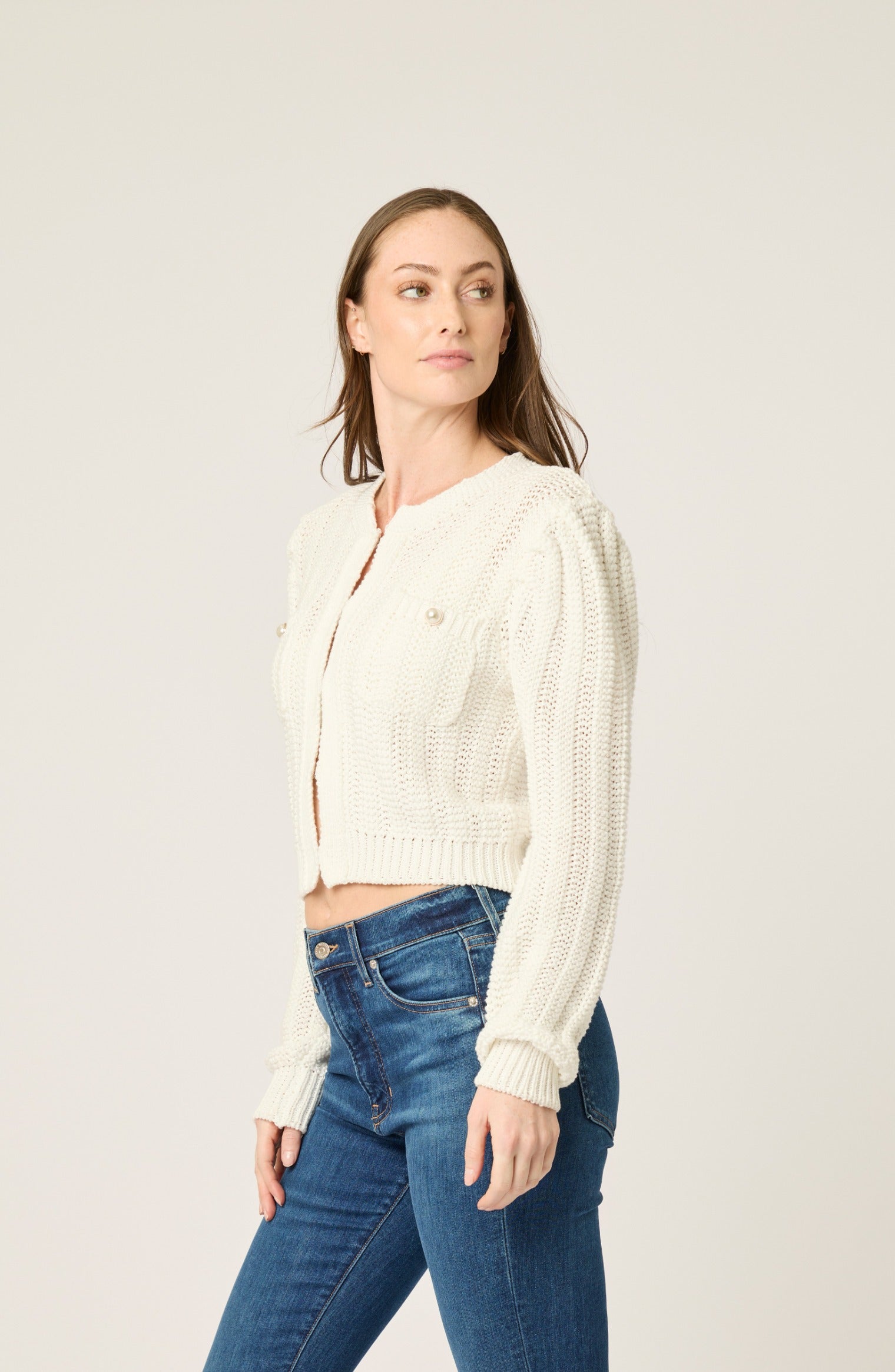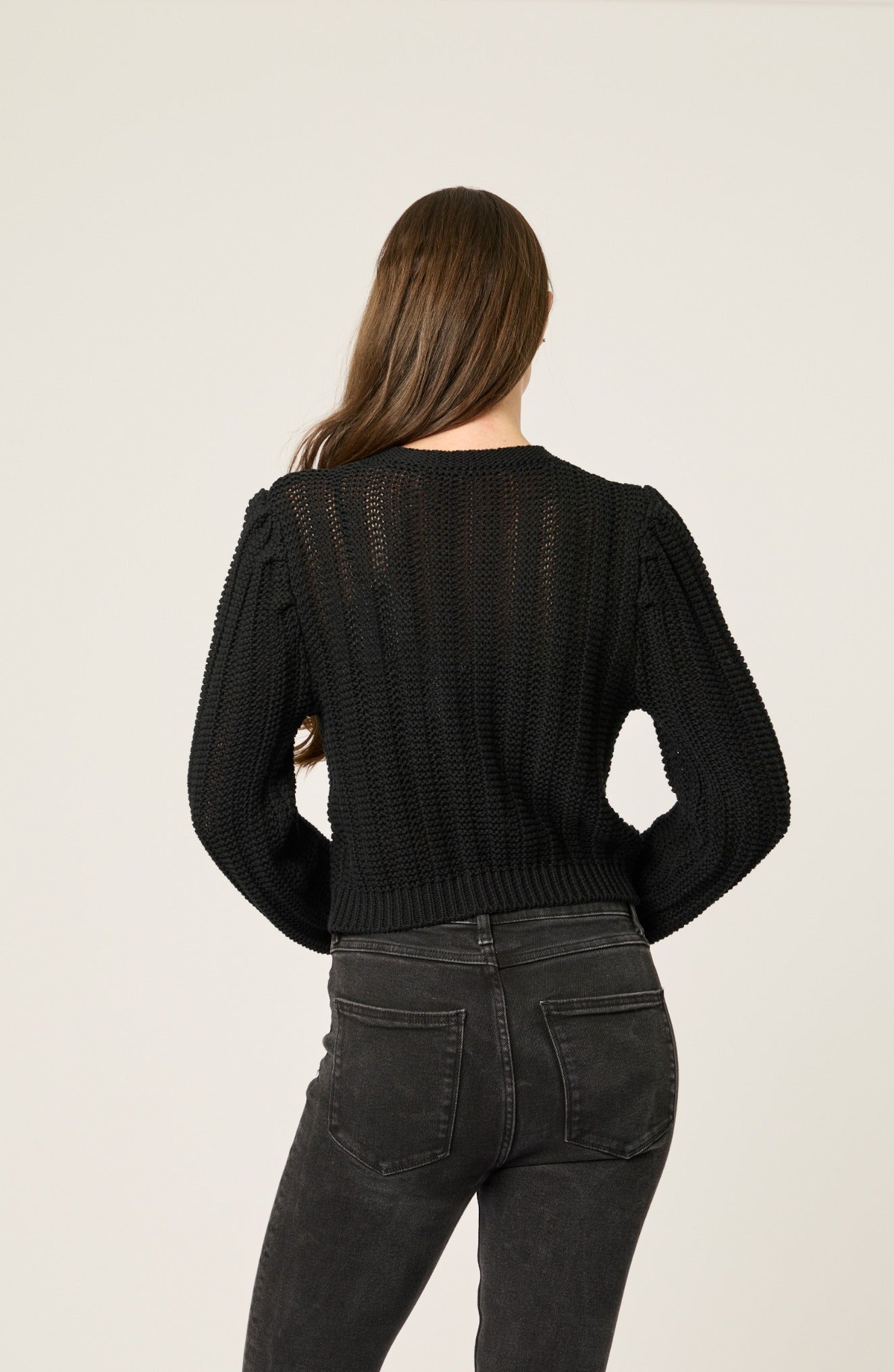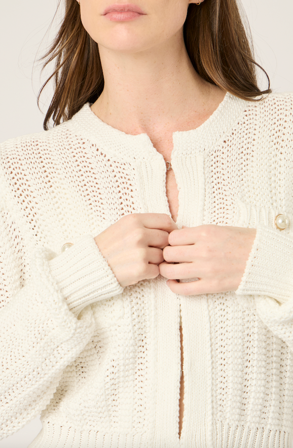 A modern twist on classic knitwear, this sweater combines elegance with edge. Designed with a body-skimming fit, it features pearl-snap chest pockets that bring a touch of polish, while hook-and-eye closures along the center front create a sleek, refined finish. Pleated sleeves add exaggerated volume for a statement silhouette that balances sophistication with contemporary flair.
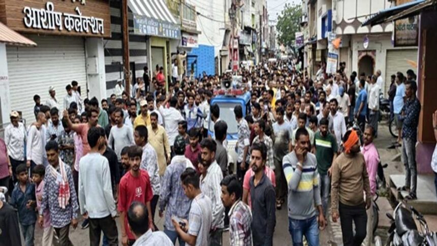 मोहर्रम के जुलूस के दौरान सोशल मीडिया पर वायरल हुए वीडियो से रतलाम जिले के सैलाना में तनाव की स्थिति पैदा हो गई। सोमवार सुबह हिंदू संगठनों ने विरोध जताते हुए नगर के बाजार बंद करवा दिए। लोग चौराहे पर बैठकर सुंदरकांड पाठ करते हुए आरोपितों पर कार्रवाई की मांग कर रहे हैं। एसडीओपी नीलम बघेल, थाना प्रभारी सुरेंद्र गडरिया समेत पुलिस बल मौके पर मौजूद हैं।
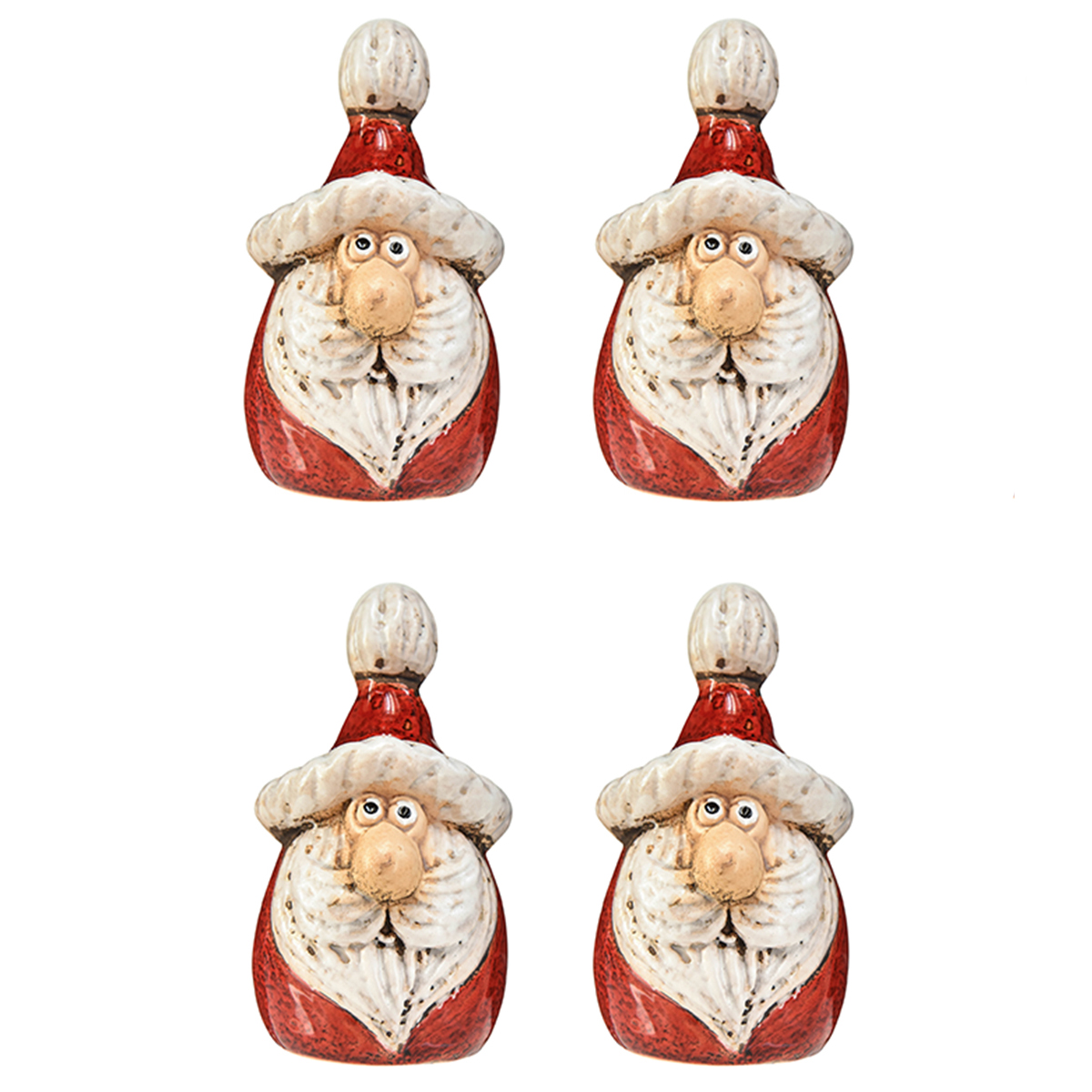 Suloinen keraaminen Joulupukin figuuri, punainen ja valkoinen, 10cm - täydellinen joulukoristeita - 4 kpl

******

- _ABOUT THIS TASK_
Take the data above and set it down exactly, images excluded.

- _RESULT OF THIS EXERCISE_
 A modern twist on classic knitwear, this sweater combines elegance with edge. Designed with a body-skimming fit, it features pearl-snap chest pockets that bring a touch of polish, while hook-and-eye closures along the center front create a sleek, refined finish. Pleated sleeves add exaggerated volume for a statement silhouette that balances sophistication with contemporary flair.
 मोहर्रम के जुलूस के दौरान सोशल मीडिया पर वायरल हुए वीडियो से रतलाम जिले के सैलाना में तनाव की स्थिति पैदा हो गई। सोमवार सुबह हिंदू संगठनों ने विरोध जताते हुए नगर के बाजार बंद करवा दिए। लोग चौराहे पर बैठकर सुंदरकांड पाठ करते हुए आरोपितों पर कार्रवाई की मांग कर रहे हैं। एसडीओपी नीलम बघेल, थाना प्रभारी सुरेंद्र गडरिया समेत पुलिस बल मौके पर मौजूद हैं।
 Suloinen keraaminen Joulupukin figuuri, punainen ja valkoinen, 10cm - täydellinen joulukoristeita - 4 kpl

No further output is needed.